Monday, October 28, 2013

On Not Telling the Truth, Nothing But the Truth

This post was inspired by The Dinner, a novel by Herman Koch. Two brothers and their wives sit down for a tension filled dinner, avoiding a tragedy that could change both families' lives forever. Join From Left to Write on October 29th and we discuss The Dinner. As a member I received a copy of the book for review purposes.
Some time ago Mary did something sneaky and she got caught. It wasn't terribly egregious, no permanent harm was done, but she knew she was doing something wrong and she continued to do it, the fun getting in the way of her six year old moral compass. It bothers her still.

Discovering these secrets is often a mystery unfolding, unraveling as piece by piece things come together to form a whole picture. For Mary it was my finding a bit of packaging from something she was not supposed to have opened, and it rapidly snowballed from there. She watched as I put together what had happened, watched terrified as I found, bit by bit, what she had done. And the truth is that I was angry at her for being sneaky but I felt bad that she thought it necessary.

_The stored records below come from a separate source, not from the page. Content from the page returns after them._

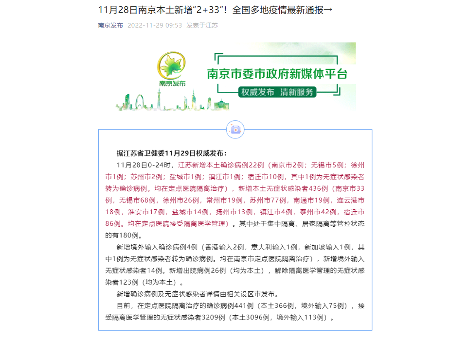 11月28日江蘇新增本土確診22例 新增本土無症狀436例
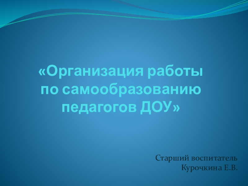 «Организация работы по самообразованию  педагогов ДОУ» Старший воспитательКурочкина Е.В.
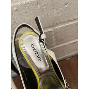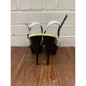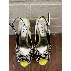 Bebe Roxanne Black/White/Neon Yellow Peep Toe Slingback 5" Platform Heel Size 5

Secrets are that way, one leads to another, one covering for the last, but when that code is cracked, the free fall is fast and furious. And the landing quite painful, even when you have just opened something you were told not to, something you wanted so much to play with you felt compelled to hide. 

There must be repercussions, because even though there was no real harm done, the lesson must be learned. Sneaking is bad, hiding is lying, and lessons learned now, over trivial incidents, can ease a good deal of pain and angst when the stakes are much higher.

As she often does, Mary flipped through the book I've been reading, not one meant for 9 year old eyes.

"What is this about Mom? People going out to dinner?".

My bookmark was in the last quarter of the book, "kind of, but also about a family, and what happens when people are not honest. It's almost like a mystery.".

She was quiet for a bit, reading the back cover and thinking, "and you need to write something about this book also?".

"I do, although I'm not sure what I'm going to write. In the story someone makes a bad decision, they do something wrong and then try to hide it. Do you have any ideas, things I could write about?".

She smiled, "what about the toy Mom? When I opened the toy? That was wrong and I tried to hide it".

As much as I hate that even now, three years later, she still thinks about what was really one very small incident, I hope that the impression made can last for years, when telling the truth is more than the right thing, it is the safe thing.


Nellie said...

Teaching moments - all around us.

Amy @ said...

Oh, I still feel guilty about something I did when I was 3 years old. It's good to form that conscience early and strong, I say.

Thien-Kim aka Kim said...

Wow! It's amazing what sticks with our kids. You're doing a great job with her!

Jennifer Wolfe said...

It's important to teach them what's right, even when it's hard to do. Good job, mom!

jodifur said...

I always tell my son that not telling the truth will get him into more trouble then telling the truth.